- _Requirement_: The records that follow are to be repeated exactly, with the pictures removed.
*** Opening Information given ***
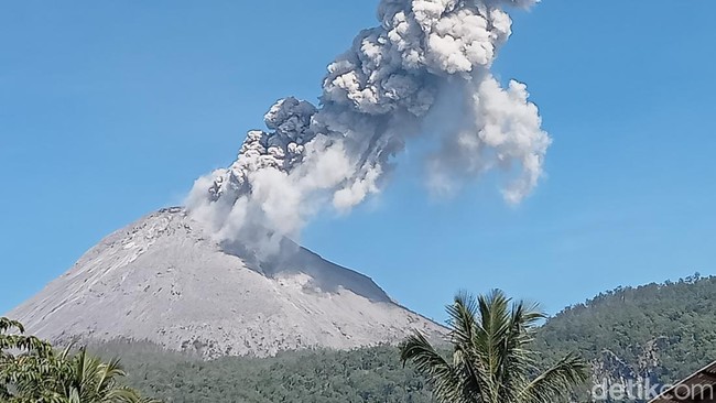 Gunung Lewotobi Laki-laki di Flores Timur, Nusa Tenggara Timur (NTT), terus bergemuruh. Gunung kembar itu hampir setiap hari menumpahkan abu vulkanik ke udara hingga menghujani apapun yang berada di bawahnya. Walhasil, warga di lereng Gunung Lewotobi kembar harus berdamai dengan hujan abu vulkanik yang terjadi hampir saban hari.
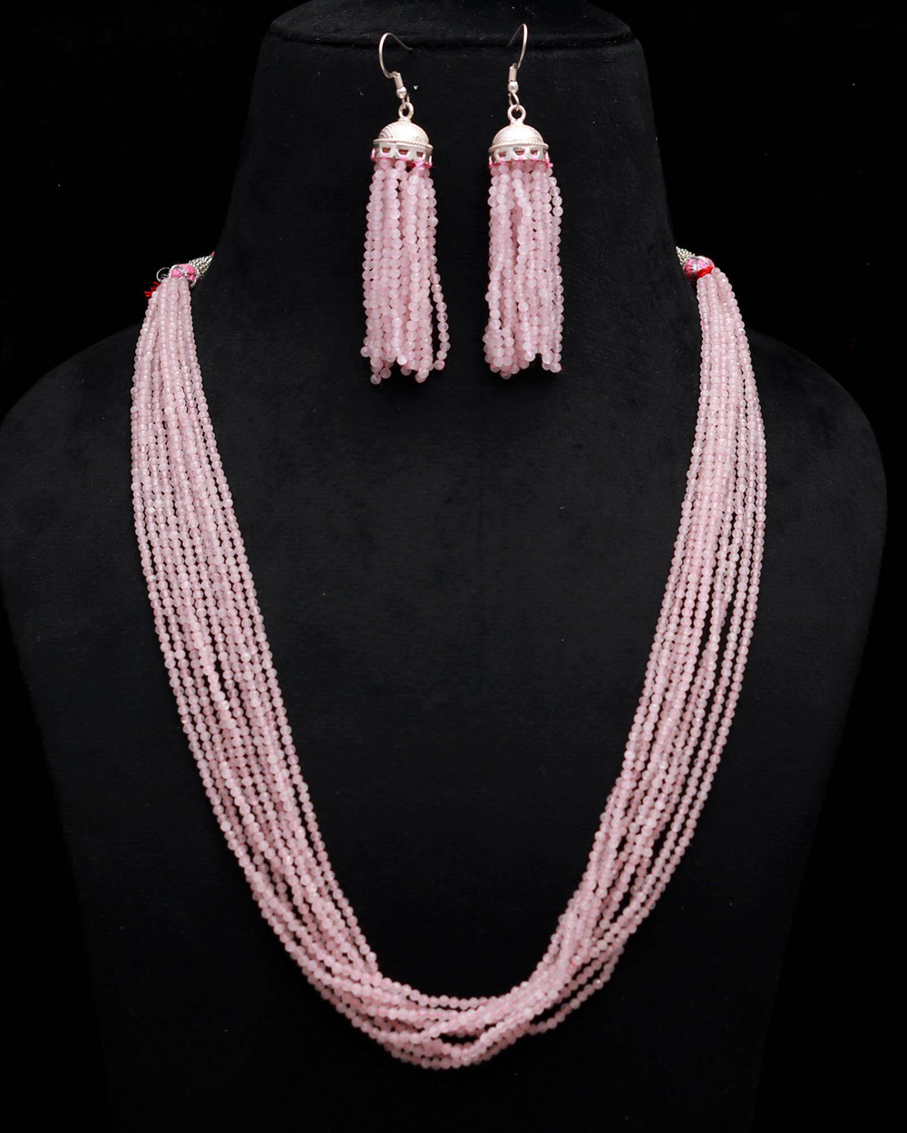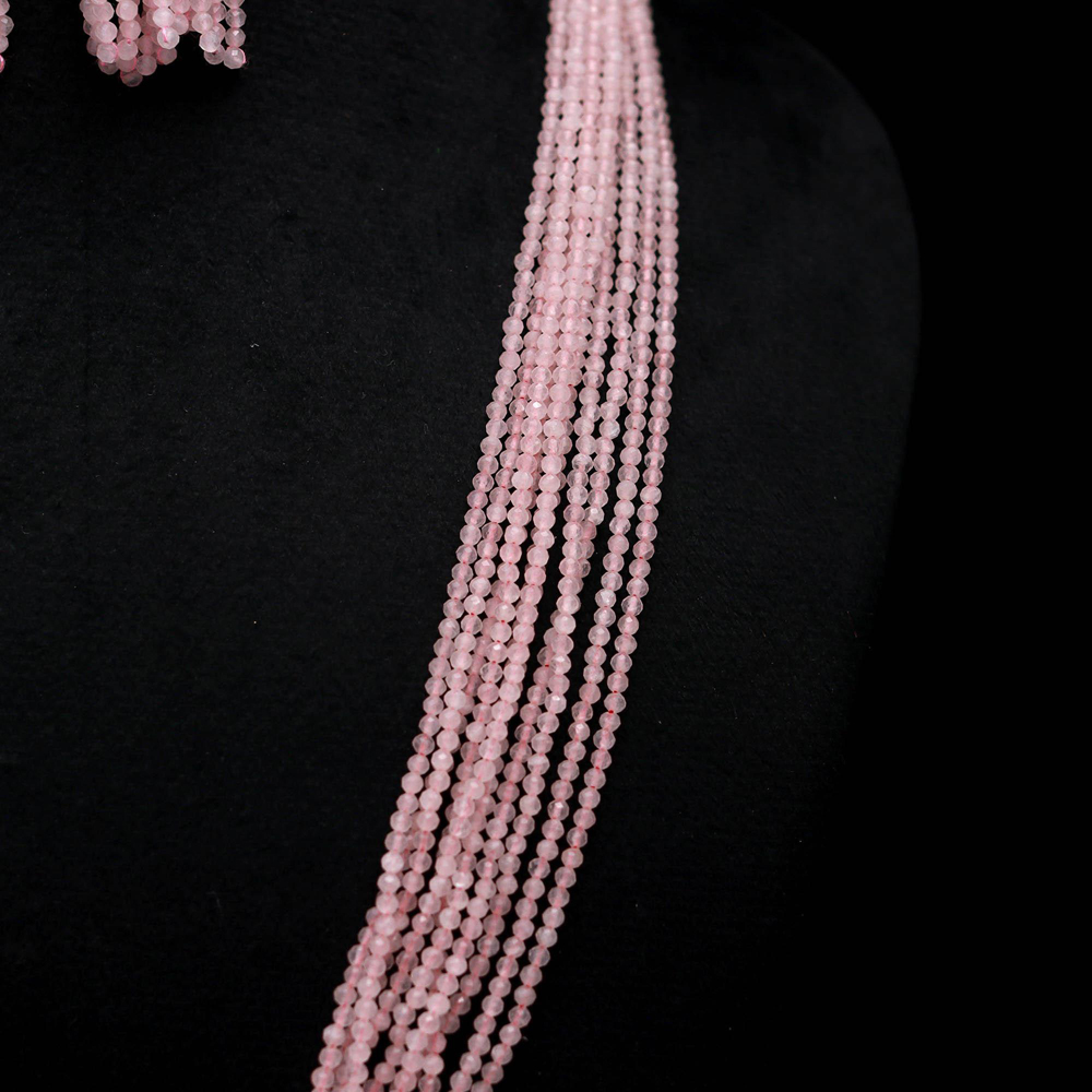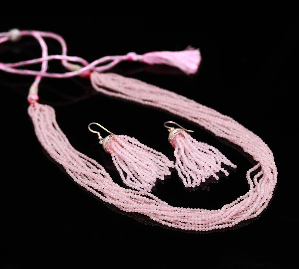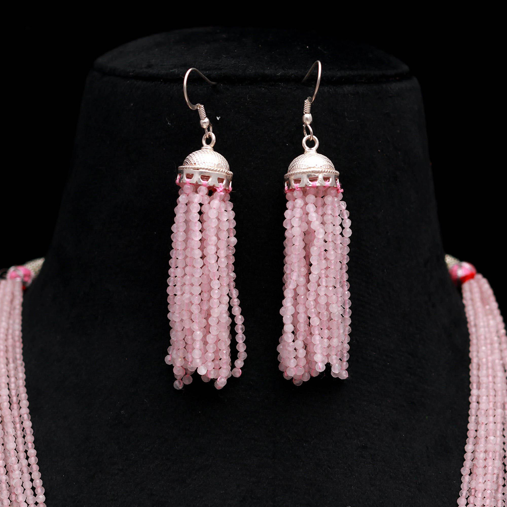 Natural Gemstone Rose Quartz Beads Necklace Set
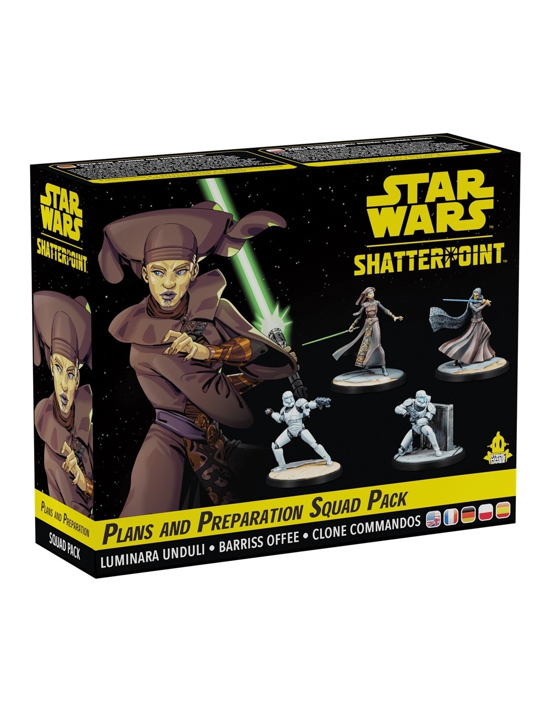 Ce pack ajoute une nouvelle escouade composée du Maître Jedi Luminara Unduli, Padawan Barriss Offee et deux Republic Clone Commandos à Star Wars : Shatterpoint que les joueurs peuvent jouer immédiatement ou utiliser aux côtés d'autres personnages pour créer leur propre escouade personnalisée. En plus des miniatures magnifiquement sculptées des quatre personnages, les joueurs trouveront également toutes les cartes de statistiques, d'ordre et de position dont ils ont besoin pour donner vie à ces personnages sur la table.
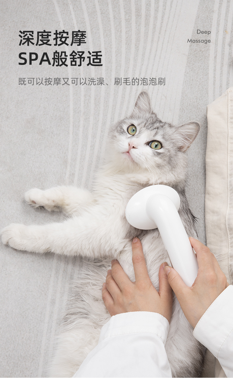 애완동물 목욕 브러시, 고양이와 강아지 목욕 버블 브러시, 긴 손잡이 실리콘 목욕 브러시, 목욕 마사지 3-in-1스토어 가기
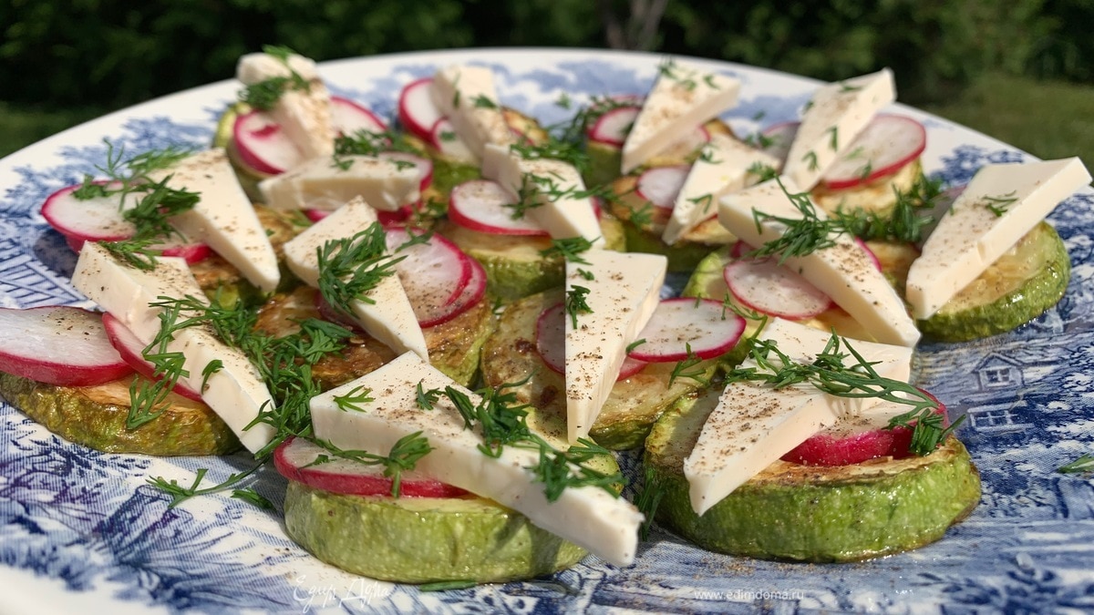 Нарезаю тонкими кружочками редис. Тонкими полосками режу сыр плавленый, нарезаю укроп. Зубчик чеснока тру на терке. Кладу на кабачки чеснок, редис, сыр. - Шаг 3
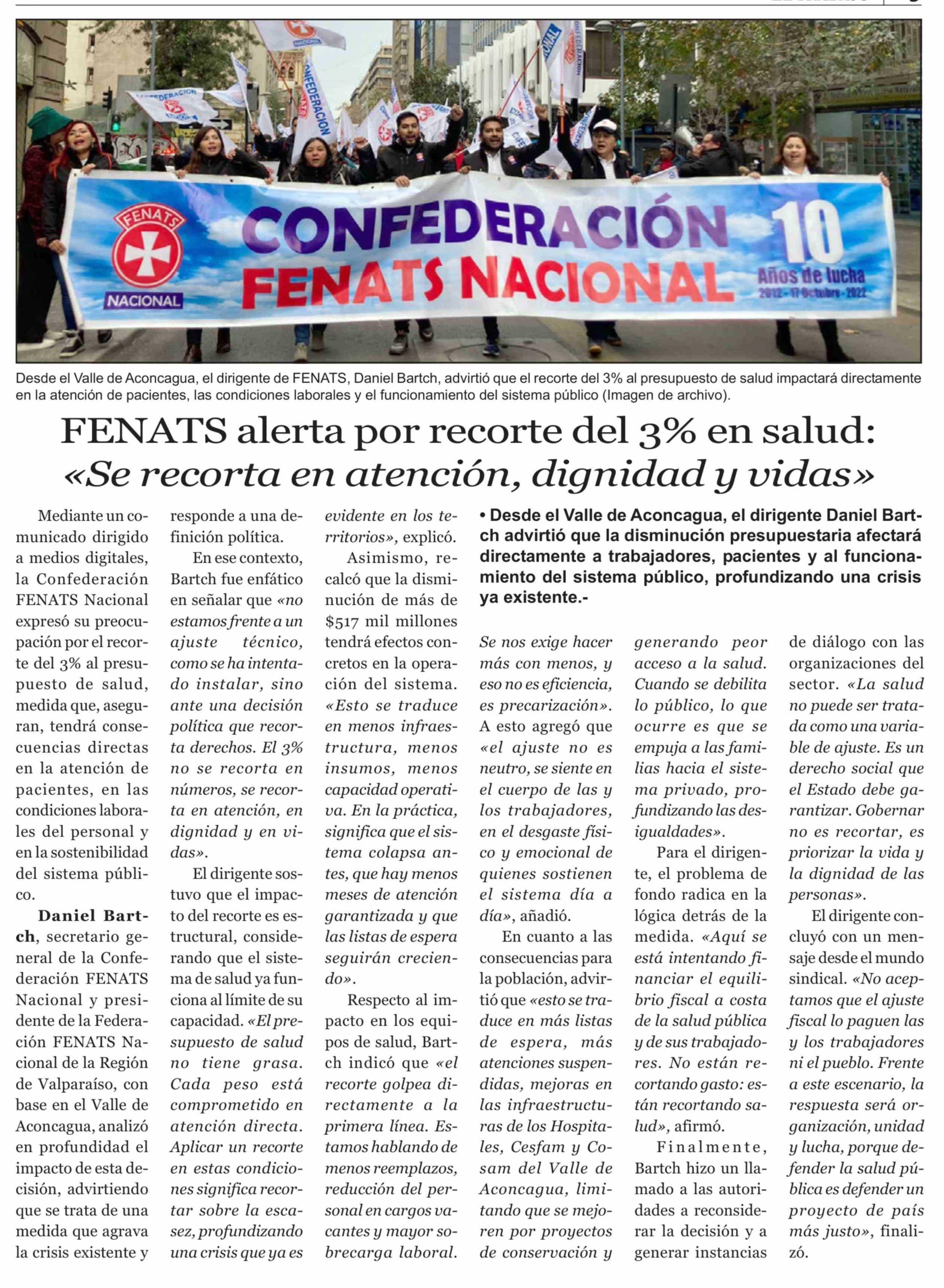 Título: FENATS alerta por recorte del 3% en salud: «Se recorta en atención, dignidad y vidas»
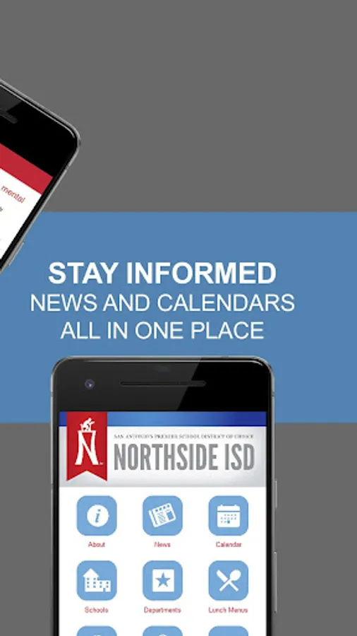 With the Northside Independent School District mobile app, your school district comes alive with the touch of a button. Easily navigate through current news and events or check out the latest updates with social media like Facebook and Twitter. Quickly retrieve contact information, sporting scores, lunch menus, and more! It’s your school district available at your fingertips.
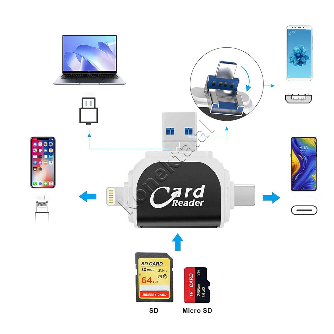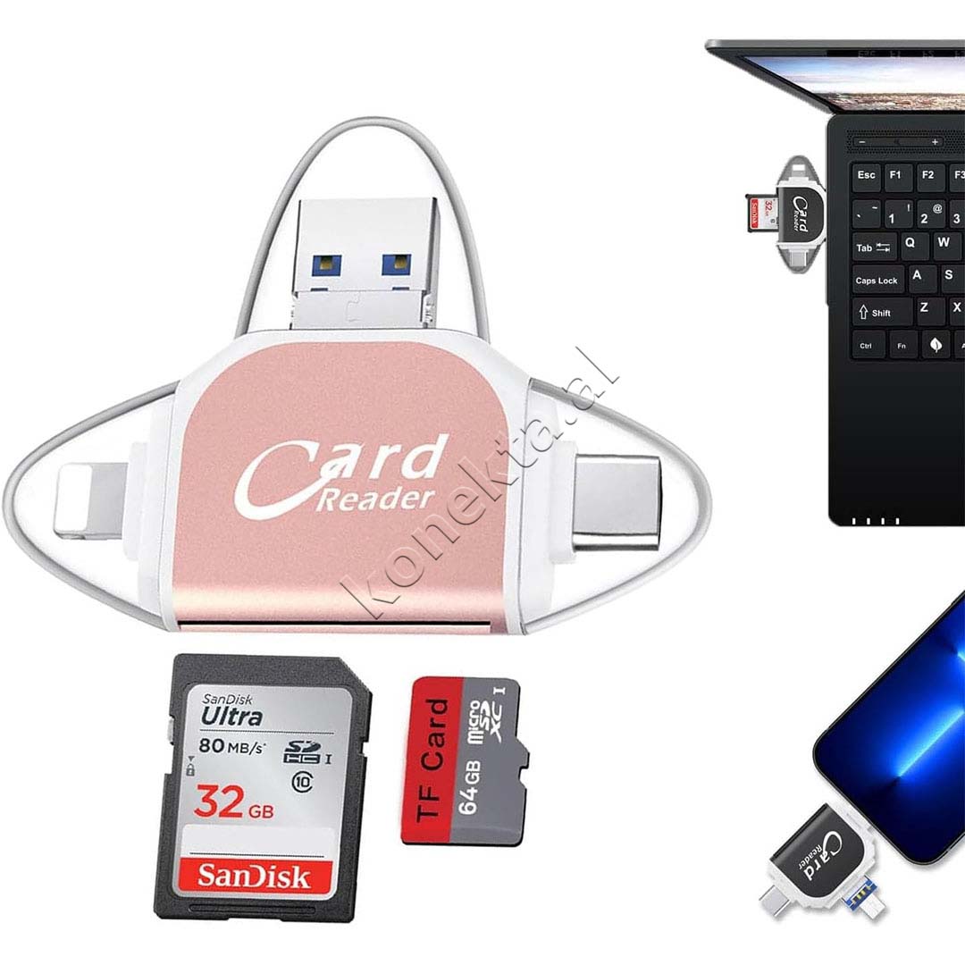 Adaptor Me Portë USB-A, USB-C dhe Lightning Për Kartë TF Dhe SD
*** Closing Information given ***
- _Result of this task_:
 Gunung Lewotobi Laki-laki di Flores Timur, Nusa Tenggara Timur (NTT), terus bergemuruh. Gunung kembar itu hampir setiap hari menumpahkan abu vulkanik ke udara hingga menghujani apapun yang berada di bawahnya. Walhasil, warga di lereng Gunung Lewotobi kembar harus berdamai dengan hujan abu vulkanik yang terjadi hampir saban hari.
 Natural Gemstone Rose Quartz Beads Necklace Set
 Ce pack ajoute une nouvelle escouade composée du Maître Jedi Luminara Unduli, Padawan Barriss Offee et deux Republic Clone Commandos à Star Wars : Shatterpoint que les joueurs peuvent jouer immédiatement ou utiliser aux côtés d'autres personnages pour créer leur propre escouade personnalisée. En plus des miniatures magnifiquement sculptées des quatre personnages, les joueurs trouveront également toutes les cartes de statistiques, d'ordre et de position dont ils ont besoin pour donner vie à ces personnages sur la table.
 애완동물 목욕 브러시, 고양이와 강아지 목욕 버블 브러시, 긴 손잡이 실리콘 목욕 브러시, 목욕 마사지 3-in-1스토어 가기
 Нарезаю тонкими кружочками редис. Тонкими полосками режу сыр плавленый, нарезаю укроп. Зубчик чеснока тру на терке. Кладу на кабачки чеснок, редис, сыр. - Шаг 3
 Título: FENATS alerta por recorte del 3% en salud: «Se recorta en atención, dignidad y vidas»
 With the Northside Independent School District mobile app, your school district comes alive with the touch of a button. Easily navigate through current news and events or check out the latest updates with social media like Facebook and Twitter. Quickly retrieve contact information, sporting scores, lunch menus, and more! It’s your school district available at your fingertips.
 Adaptor Me Portë USB-A, USB-C dhe Lightning Për Kartë TF Dhe SD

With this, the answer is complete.